----- DATA IN THIS EXERCISE -----

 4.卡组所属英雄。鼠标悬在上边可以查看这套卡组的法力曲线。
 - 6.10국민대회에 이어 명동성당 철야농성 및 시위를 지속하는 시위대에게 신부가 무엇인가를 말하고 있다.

-----
----- DATA IN THIS EXERCISE -----

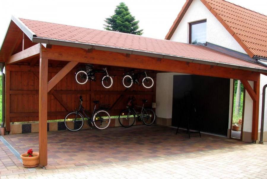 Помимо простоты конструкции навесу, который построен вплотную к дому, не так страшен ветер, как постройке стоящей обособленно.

-----

• WORK ORDER: An exact copy of the lines above, from the one containing "4.卡组所属英雄。鼠标悬在上边可以查看这套卡组的法力曲线。" through the one containing "- 6.10국민대회에 이어", is the whole of the answer.

• EXERCISE RESULT:
 4.卡组所属英雄。鼠标悬在上边可以查看这套卡组的法力曲线。
 - 6.10국민대회에 이어 명동성당 철야농성 및 시위를 지속하는 시위대에게 신부가 무엇인가를 말하고 있다.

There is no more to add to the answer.